#### PROPOSITION 1.

Triangles and parallelograms which are under the same height are to one another as their bases.

Let ABC, ACD be triangles and EC, CF parallelograms under the same height;
I say that, as the base BC is to the base CD, so is the triangle ABC to the triangle ACD, and the parallelogram EC to the parallelogram CF.

For let BD be produced in both directions to the points H, L and let [any number of straight lines] BG, GH be
made equal to the base BC, and any number of straight lines DK, KL equal to the base CD; let AG, AH, AK, AL be joined.

Then, since CB, BG, GH are equal to one another,

the triangles ABC, AGB, AHG are also equal to one another. [I. 38]

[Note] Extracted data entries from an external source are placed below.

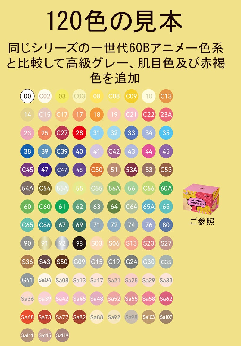 一世代60Bアニメー色系と比較して高級グレー、肌目色、赤褐色を追加します。人気商品として片端やわらしいペン先付きの白い棒タイプはよく売れています。今回アニメー色系120色を開発しました、それで、アニメーだけではなく、服装設計、建築設計、スライスなどの場所に応用されます。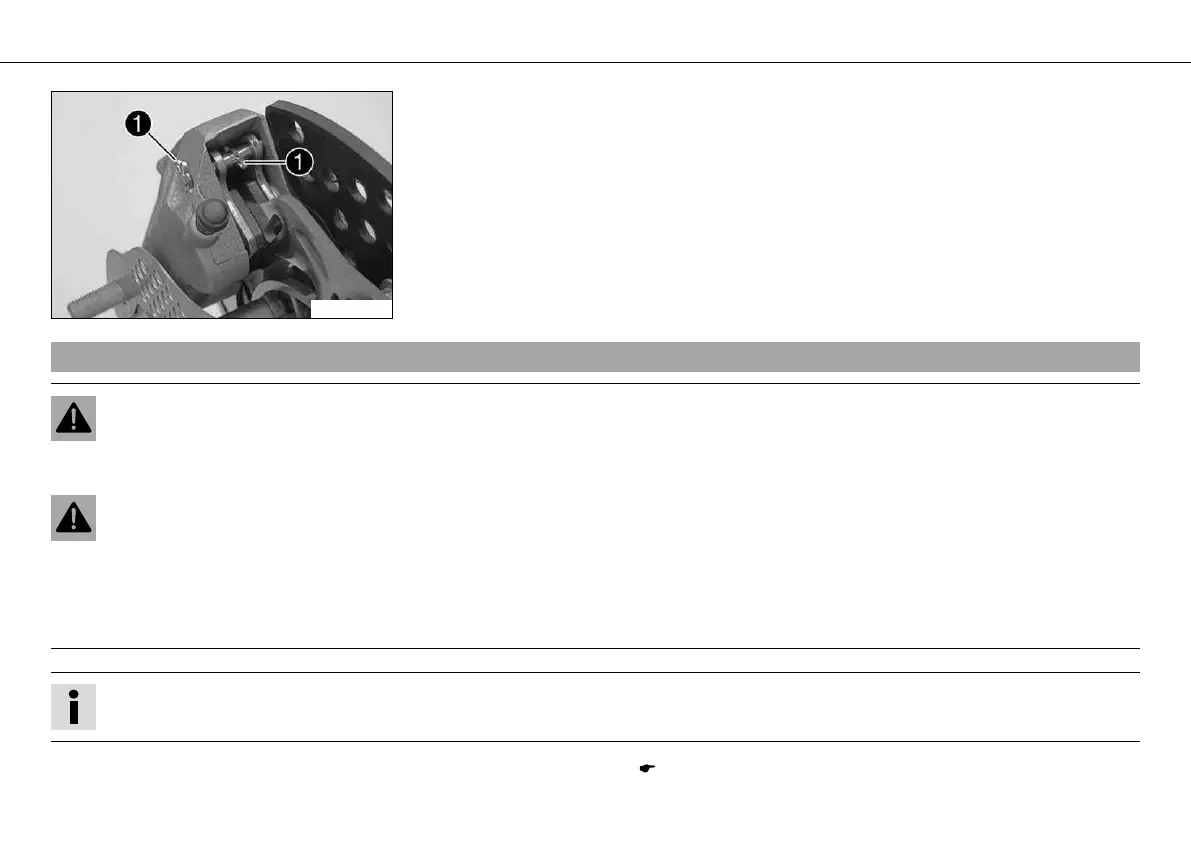– Remove the locking split pins , withdraw the bolt, and take out the brake pads.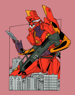 Neat! I don't really like EVAs (They're not really mechs!), and the TV show was a bit too weird and not enough stompy (Good explanation here: [link] ) but your pic is cool enough to be good. You have teh skillz.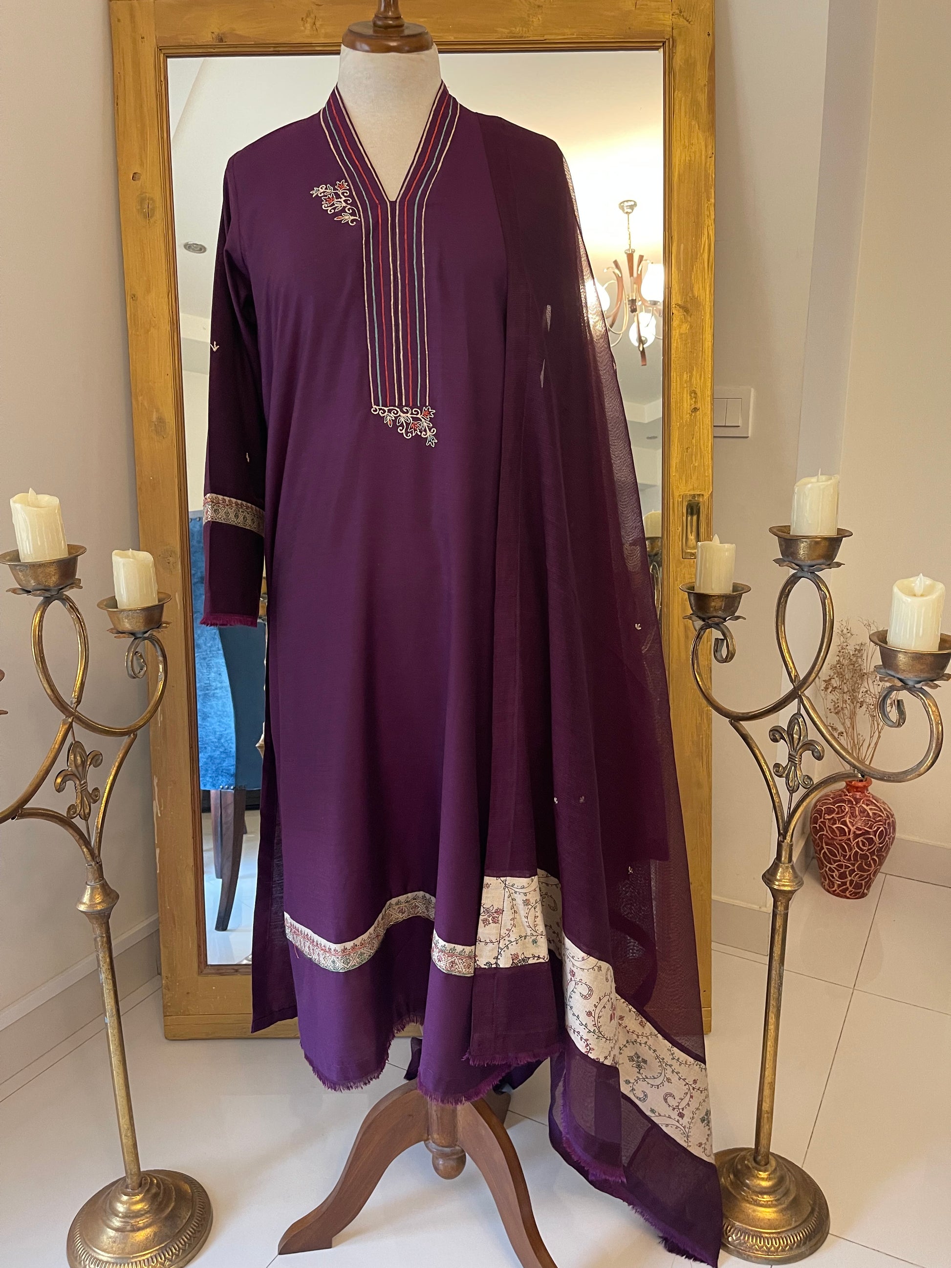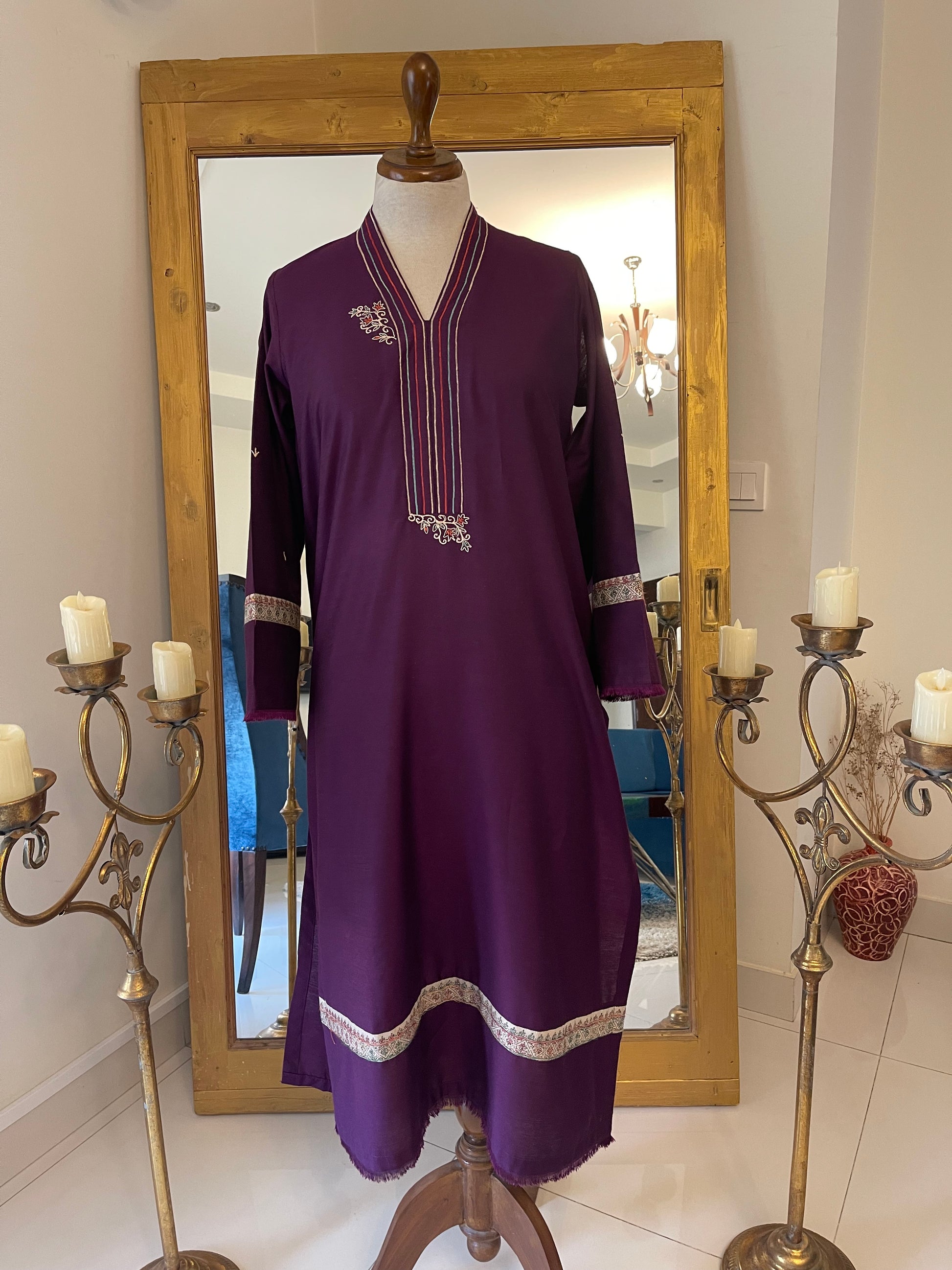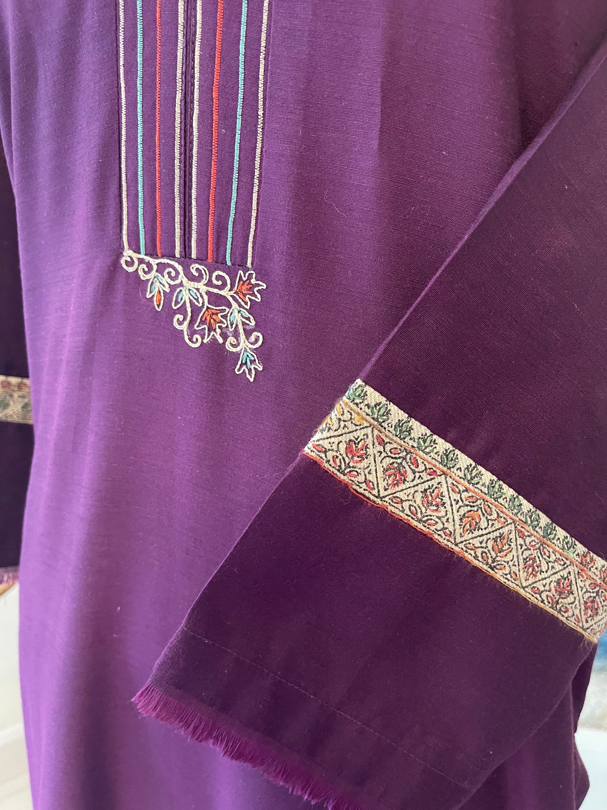 Dark Purple Cotton shirt and pants with Kashmiri pashmina borders and thread embroidery

Therefore, whatever multiple the base HC is of the base BC, that multiple also is the triangle AHC of the triangle ABC.

For the same reason,
whatever multiple the base LC is of the base CD, that multiple also is the triangle ALC of the triangle ACD; and, if the base HC is equal to the base CL, the triangle AHC is also equal to the triangle ACL, [I. 38] if the base HC is in excess of the base CL, the triangle AHC
is also in excess of the triangle ACL, and, if less, less.

Thus, there being four magnitudes, two bases BC, CD and two triangles ABC, ACD, equimultiples have been taken of the base BC and the
triangle ABC, namely the base HC and the triangle AHC, and of the base CD and the triangle ADC other, chance, equimultiples, namely the base LC and the triangle ALC;

and it has been proved that,
if the base HC is in excess of the base CL, the triangle AHC
is also in excess of the triangle ALC; if equal, equal; and, if less, less.

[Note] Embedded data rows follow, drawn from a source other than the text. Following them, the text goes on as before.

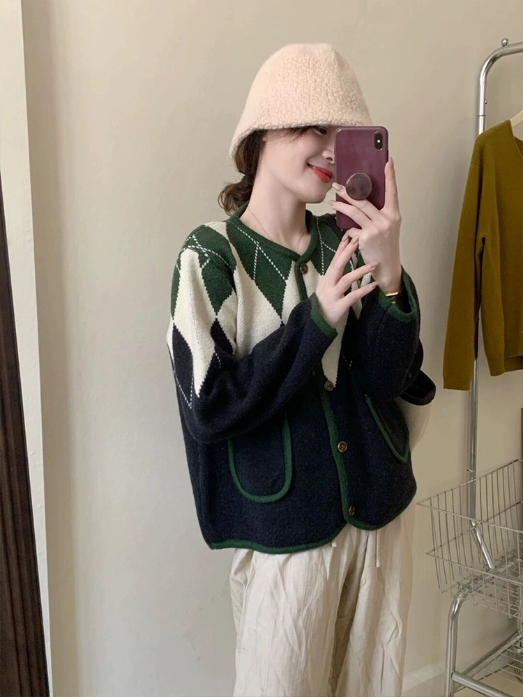 سترة سترة محبوكة على شكل معين ياباني كسول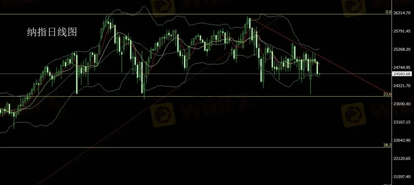 纳斯达克指数昨日在 24900 附近震荡后走弱,最低回落至 24490。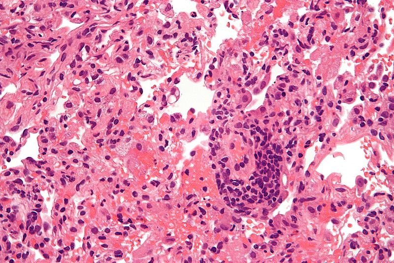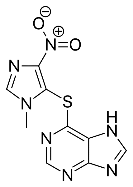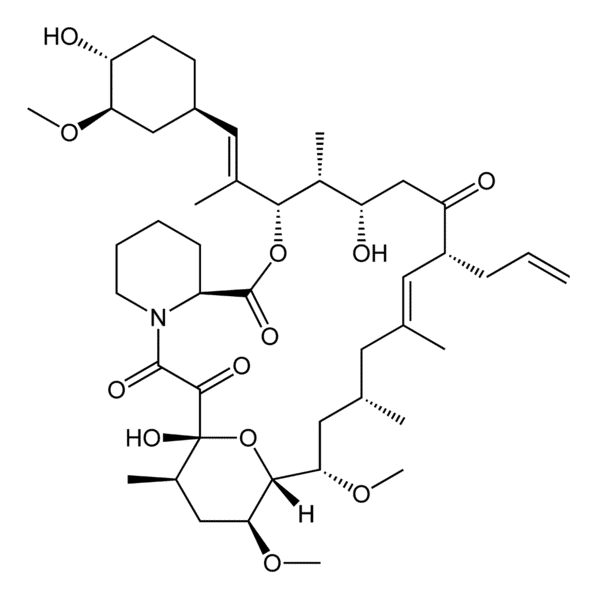 The immunology of transplantation surrounds the host’s recognition and response to foreign tissue. Following transplantation, major histocompatibility complex (MHC) antigens (termed human leukocyte antigens, or HLAs, in humans) from the donor tissue are presented to recipient T cells, leading to recipient T-cell activation. The activation of the recipient immune system can lead to damage of the transplanted organ, through both antibody-mediated (via B-cells, activated by CD4+ T-cells, produce donor specific antibodies) or cellular-mediated (via cytotoxic T cells, natural killer cells, macrophages and neutrophils) mechanisms. Consequently, post-transplant immunosuppression aims to modify these responses to reduce the damage occurring to the transplanted organ by the recipient’s immune system. Tissue Typing Prior to transplantation, HLA tissue typing is performed in potential recipients prior to listing to reduce risk of rejection. Patients are typed for class-I (HLA-A, B, and C) and class-II (HLA-DR, DQ and DP) HLA antigens. Since each person has two chromosomes, and the paternal and maternal chromosome produce different HLA molecules, an individual has the potential to express up to six class-I and six class-II molecules. HLA matching prior to organ allocation has the role to identify the best match between the donor organ and recipient, as this will ensure an optimal outcome and minimise the risk of rejection. Organ Rejection Broadly, the recipient response to the donor organ can be classified as hyperacute rejection, acute rejection, or chronic rejection. Presentation varies between the transplanted organ involved, yet diagnosis will require a tissue biopsy for definitive confirmation. Hyperacute rejection occurs due to preformed cytotoxic antibodies directed against donor HLA or ABO antigens. There is often graft destruction within 24 hours, especially if left untreated. Hyperacute rejection can be avoided by pre-operative blood group and HLA matching. Acute rejection is the most common type of rejection, occurring in up to 50% of grafts, and present within the first 6 months. It is most commonly caused by a T-cell mediated immune response* against the graft MHCs, with increased risk with previous HLA sensitising episodes (such as previous transplants or blood transfusions). Patients can be treated with high-dose steroids, with second line treatment options including plasma exchange or intravenous immunoglobulin. Chronic rejection occurs after 6 months and will present as a progressive decline in organ function. Its aetiology is multifactorial, mechanisms including immune-mediated injury, ischaemia-reperfusion injury and immunosuppressive agents’ toxicity. Unfortunately, immunosuppressive therapies have limited effectiveness in reversing chronic rejection. *A humoral acute rejection can also occur, although is much less common Nephron [CC BY-SA 3.0 (https://creativecommons.org/licenses/by-sa/3.0)] Figure 1Histology of acute lung transplant rejection, showing features of perivascular lymphocytic infiltration Modern Immunosuppression The primary goal of immunosuppression is to prevent graft rejection and minimise adverse reactions. Currently, immunosuppression regimens used are associated with rejection rates between 35%-40%, but graft loss due to rejection is uncommon (<5%). Immunosuppressive drugs can be classified as induction therapies, maintenance therapies, and antirejection therapies. Current immunosuppression agents are given as combination therapies, with constituents depending on both patient and operative factors: Calcineurin inhibitors, such as cyclosporine or tacrolimus Anti-proliferative agents, such as mycophenolate mofetil or azathioprine mTOR Inhibitors, such as sirolimus and everolimus Corticosteroids, such as prednisolone or methylprednisolone Monoclonal antibodies, such as Basiliximab or Alemtuzumab Induction Agents Basiliximab is a monoclonal antibody that blocks IL-2 receptors, thereby inhibiting IL-2–induced T-cell activation. It is most often used as an induction agent in kidney transplantation, or as part of steroid-free protocols in pancreas transplantation. The use of Basiliximab as an induction agent allows for early steroid withdrawal and a substantial reduction in other immunosuppressive agents early after transplantation. Side effects include oedema, hypertension, and tremor. Alemtuzumab is a monoclonal antibody directed against CD52; CD52 is widely expressed on the surface of immune cells (all B and T cells and most macrophages and natural killer cells), allowing Alemtuzumab to act as a lymphocyte-depleting agent. Its use is generally for patients with high immunological risk. Whilst effective in reducing the risk of rejection, it is also associated with a high risk of post-operative opportunistic infections and post-transplant lymphoproliferative disease. Early Maintenance Agents Benjah-bmm27 [Public domain] Figure 2Tacrolimus molecular structure Calcineurin Inhibitors Calcineurin inhibitors (CNIs), such as cyclosporine and tacrolimus, are strong inhibitors of the T-cell response, acting by blocking IL-2 production. They are the mainstay of most initial post-operative immunosuppression, with tacrolimus the first-line immunosuppressant in most transplant centres They are nephrotoxic, through vasoconstrictive action, therefore their levels should be regularly monitored, and can their therapeutic windows are narrow. Other less common side effects of CNIs include hypertension, neurotoxicity (more common with tacrolimus which causes tremor, headache, irritability), diabetes mellitus, and hyperlipidaemia. Hirsutism and gingival hyperplasia are additional adverse events specific to cyclosporine. Anti-Proliferatives The most common anti-proliferative agents currently used are mycophenolate mofetil (MMF) and azathioprine. Neither agent requires regular therapeutic drug monitoring. Ayacop [Public domain] Figure 3Azathioprine molecular structure Azathioprin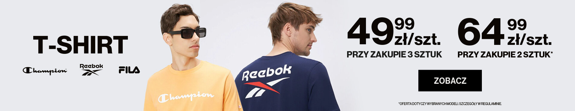 *Promocja dotyczy wybranych modeli T-shirtów marek Champion, Reebok, Fila i nie łączy się z innymi akcjami promocyjnymi. Jeśli chcesz skorzystać z dwóch promocji, złóż osobne zamówienia. Rabat wynikający z akcji naliczy się automatycznie w koszyku po dodaniu do niego produktów objętych promocją. Szczegóły w regulaminie.

Therefore, as the base BC is to the base CD, so is the triangle ABC to the triangle ACD. [V. Def. 5]

Next, since the parallelogram EC is double of the triangle
ABC, [I. 41] and the parallelogram FC is double of the triangle ACD, while parts have the same ratio as the same multiples of them, [V. 15] therefore, as the triangle ABC is to the triangle ACD, so is
the parallelogram EC to the parallelogram FC.

Since, then, it was proved that, as the base BC is to CD, so is the triangle ABC to the triangle ACD, and, as the triangle ABC is to the triangle ACD, so is the parallelogram EC to the parallelogram CF,
therefore also, as the base BC is to the base CD, so is the parallelogram EC to the parallelogram FC. [V. 11]

Therefore etc. Q. E. D. 1 2 3

1 Under the same height. The Greek text has “under the same height AC,” with a figure in which the side AC common to the two triangles is perpendicular to the base and is therefore itself the “height.” But, even if the two triangles are placed contiguously so as to have a common side AC, it is quite gratuitous to require it to be perpendicular to the base. Theon, on this occasion making an improvement, altered to “which are (ὅντα) under the same height, (namely) the perpendicular drawn from A to BD.” I have ventured to alter so far as to omit “AC” and to draw the figure in the usual way.

2 ABC, AGB, AHG. Euclid, indifferent to exact order, writes “AHG, AGB, ABC.”

3 Since then it was proved that, as the base BC is to CD, so is the triangle ABC to the triangle ACD. Here again words have to be supplied in translating the extremely terse Greek , literally “since was proved, as the base BC to CD, so the triangle ABC to the triangle ACD.” Cf. note on V. 16, p. 165.